(ITS#7971) LMDB: Uncarefully appointment when beginning a readonly txn. - openldap-bugs

17 Oct 2014

Full_Name: Leonid Yuriev
Version: 2.4.40
OS: RHEL7
URL: ftp://ftp.openldap.org/incoming/
Submission from: (NULL) (31.130.36.33)
In continue of ITS#7969 and ITS#7970.
An additional pages may be allocated unreasonable from map. Also the
MDB_MAP_FULL error may returned while the space is really available.
As we can see on lines 2500-2550 of mdb.c the field mr_txnid updated after the
mr_pid, which is also is a flag of that reader's slot is occupied and other
fields are valid, e.g. it is:
ti->mti_readers[i].mr_pid = pid;	/* setup reader's pid, and indicate that other
fields is valid. /
ti->mti_readers[i].mr_tid = tid; 	/* setup reader's thread id. */
...						/* do a little bit of something. /
r->mr_txnid = ti->mti_txnid;		/ * update a "detent" for reclaiming.  */
The problem is that not all cases, the value mr_txnid correctly before being
updated, but will be counted immediately after setup pid in reader's slot. Valid
value for mr_txnid can be any number not less than the last transaction to now.
We can easily verify that the MRC may be incorrect adding mdb_eassert(env,
r->mr_txnid >= ti->mti_txnid) after updating mti_numreaders.

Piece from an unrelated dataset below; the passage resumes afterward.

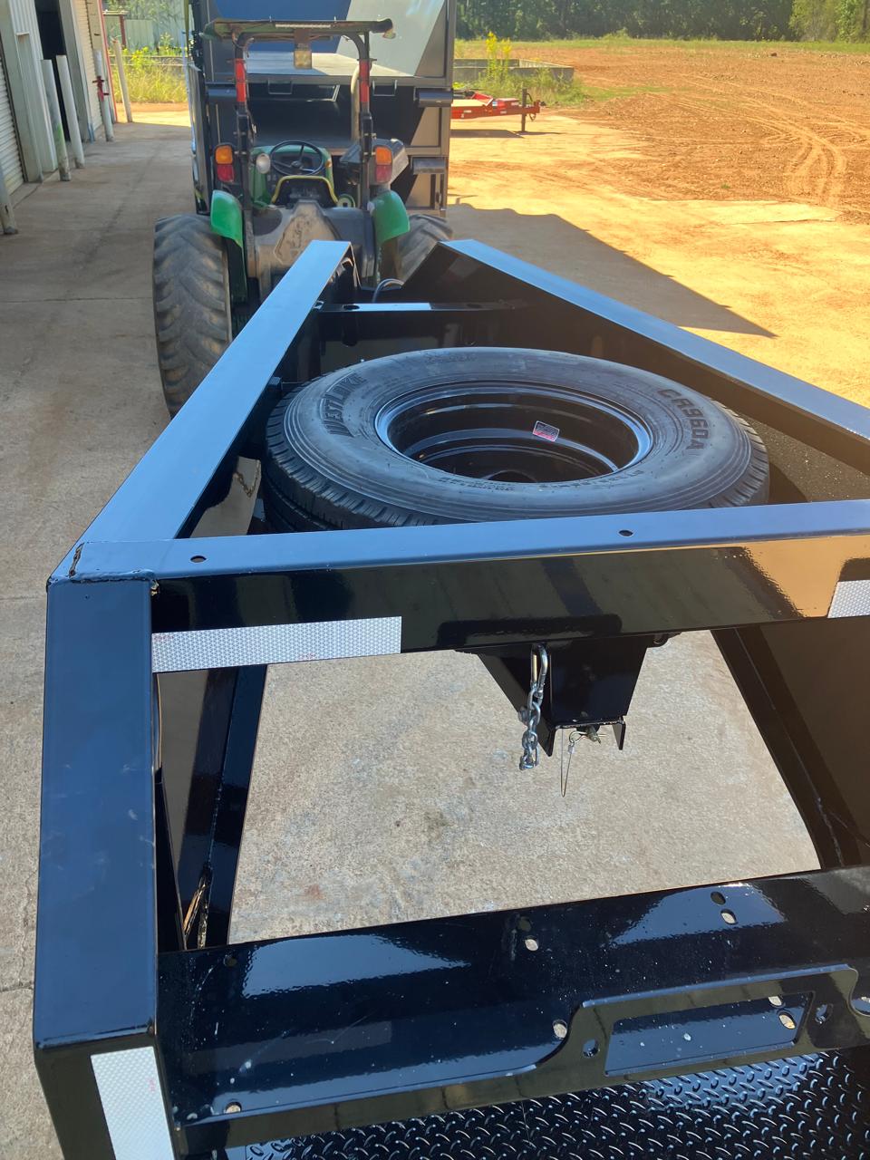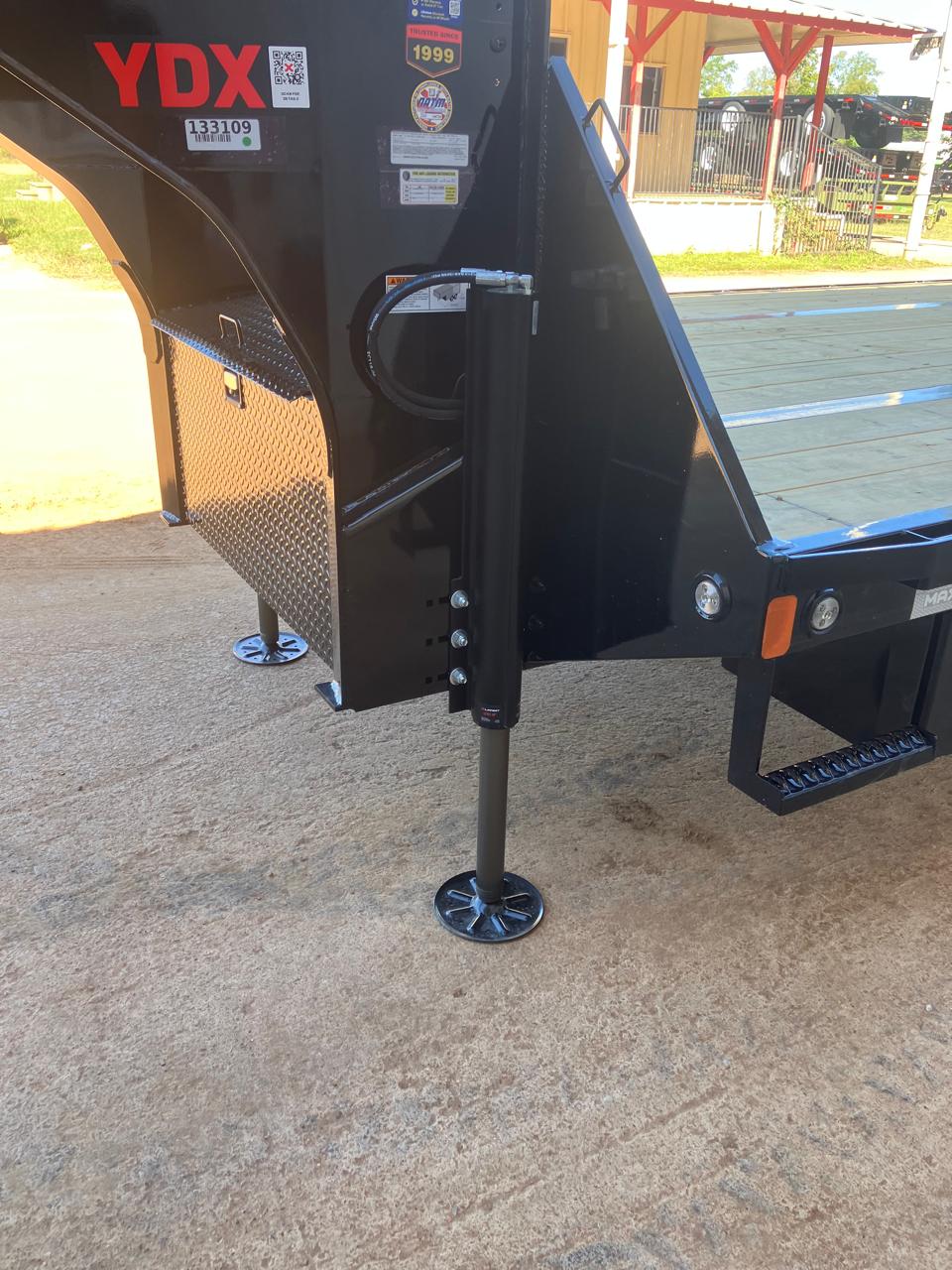 25,990 LB GVWR C17: 2 5/16" 30K ROUND GN COUPLER J09: 2-HYDRAULIC JACKS N65: STANDARD HEIGHT ENG. NECK W/ FRONT TOOLBOX & WINCH PLATE F114: ENGINEERED I-BEAM FRAME WITH TORQUE TUBE X18: 3" I-BEAM ON 12" CENTERS R06: 6" CHANNEL OUTER FRAME D121: 12' HYD DOVETAIL W/ BLKWOOD ON RUNNERS & TRAC BARS ON KNIFE A40: 2-12K ELECTRIC/HYDRAULIC BRAKE AXLES S05: HDSS SUSPENSION 2 AXLES T28: DUALS (9) ST235/85R16 G TIRES for 2-10/12K P14: NOT APPLICABLE E04: 2X8 TREATED WOOD FLOOR L03: FLUSHMOUNT LED'S / STANDARD SEALED WIRING HARNESS O01: WET BLACK & PRIMER K09: 1x 48" STANDARD SIDE MOUNT TOOLBOX FOR HYDRAULIC UPGRADE Y64: WIRELESS REMOTE W/HYD&POWER OPTIONS W/ NOCO BATTERY CHARGERS Y15: AGM GROUP 31 BATTERY Y65: SPARE TIRE AND MOUNT

diff --git a/libraries/liblmdb/mdb.c b/libraries/liblmdb/mdb.c
index 262373e..f2ed653 100644
--- a/libraries/liblmdb/mdb.c
+++ b/libraries/liblmdb/mdb.c
@@ -2522,6 +2522,7 @@ mdb_txn_renew0(MDB_txn *txn)
    				return rc;
    			}
    	%%7}
+			mdb_eassert(env, r->mr_txnid >= ti->mti_txnid);
do	/* ITS# */
    			r->mr_txnid = ti->mti_txnid;
And then by 'make test' got:
#2  0x0000000000403722 in mdb_assert_fail (env=env@entry=0x134e010,
expr_txt=expr_txt@entry=0x40fd14 "r->mr_txnid >= ti->mti_txnid",
func=func@entry=0x41067f <__FUNCTION__.7150> "mdb_txn_renew0", 
    line=line@entry=2525, file=0x40fd08 "mdb.c") at mdb.c:1347
        buf = "mdb.c:2525: Assertion 'r->mr_txnid >= ti->mti_txnid' failed in
mdb_txn_renew0()\000\000\000\000\000\000\000\000\000
\025\063\337\273\177\000\000\360\360\316\367\377\177\000\000\340\360\316\367\377\177\000\000\236,]\242\000\000\000\000x\n@\000\000\000\000\000\377\377\377\377\000\000\000\000\002\000\000\000\000\000\000\000\320\016C3C357\336\273\177\000\000\310\344\062\337\273\177\000\000\001\000\000\000\000\000\000\000\003",
'\000' <repeats 15 times>,
"M\000\000\000\000\000\000\000\003\000\000\000\000\000\000\000\016\000\000\000\000\000\000\000"...
#3  0x0000000000403de8 in mdb_txn_renew0 (txn=txn@entry=0x134e210) at
mdb.c:2525
        r = 0x7fbbdf32b080
        env = 0x134e010
        ti = 0x7fbbdf32b000
        meta = <optimised out>
        i = <optimised out>
        nr = <optimised out>
        x = <optimised out>
        rc = <optimised out>
        new_notls = 0
        __FUNCTION__ = "mdb_txn_renew0"
#4  0x00000000004045b8 in mdb_txn_begin (env=0x134e010, parent=parent@entry=0x0,
flags=flags@entry=131072, ret=ret@entry=0x7ffff7cef2f0) at mdb.c:2706
        txn = 0x134e210
        ntxn = <optimised out>
        rc = <optimised out>
        size = <optimised out>
        tsize = 136
There is a possibility that the writer will call mdb_page_alloc() while the
value of mr is wrong. In such case it is possible then reclaiming couldn't be
done and a new page will be allocated from the map. But also possible the
MDB_MAP_FULL error.
Thus, because of this bug additional pages may be allocated unreasonable, and
the MDB_MAP_FULL error may happen while the space is available.